Il 20 aprile di vent’anni fa: due adolescenti, tre armi da fuoco e decine di bombe artigianali. Un massacro premeditato, efferato, trasmesso sulla televisione nazionale, che ha sconvolto una nazione

Mancano diciassette giorni al diploma, è una mattina di primavera nella periferia di Littleton, in Colorado. Due studenti della Columbine High School, Eric Harris and Dylan Klebold, marinano la loro prima lezione del giorno, un corso di bowling.

Harris non si presenta nemmeno alla lezione della terza ora, filosofia, e il suo compagno Brooks, quando lo incrocia, lo rimprovera per aver saltato il test, previsto per quel giorno. Harris gli risponde: «Non importa più», e aggiunge: «Tu mi piaci Brooks, vai a casa, vai via da qui». Da quel momento tutto accade molto rapidamente:

  • Alle 11.14 Harris e Klebold, indossando impermeabili neri e occhiali scuri, introducono nella mensa della scuola due borse da ginnastica contenenti bombe da 9 chili ciascuna. Secondo gli appunti di Harris, le bombe avrebbero dovuto esplodere un quarto d’ora più tardi, distruggendo la scuola. Harris e Kebold avrebbero poi sparato ai sopravvissuti.

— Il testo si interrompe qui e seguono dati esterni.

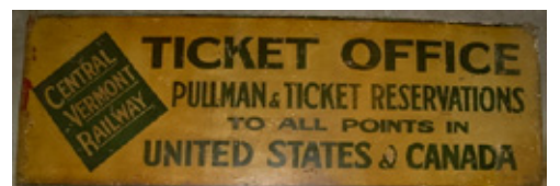
Central Vermont Railway Ticket Office & Pullman Reservations Sign: $675

Per un difetto tecnico, le bombe non sono però mai esplose.
  • Alle 11.19 la polizia di Littleton viene allertata: c’è stata un’esplosione in un campo a tre miglia dalla scuola. I due avevano messo a punto due piccole bombe artigianali, abbastanza per distogliere l’attenzione della polizia locale dalla scuola superiore.
  • Di ritorno a scuola, i due si rendono conto che le due bombe non sono esplose ma, stanchi di aspettare, decidono di entrare nella scuola. Trasportano uno zaino e una sacca da ginnastica contenti due fucili a canne mozze, una semiautomatica e una 9mm. Salgono su una collinetta vicino all’entrata occidentale della scuola, il punto più alto del complesso scolastico, estraggono i fucili dalle borse e iniziano a sparare.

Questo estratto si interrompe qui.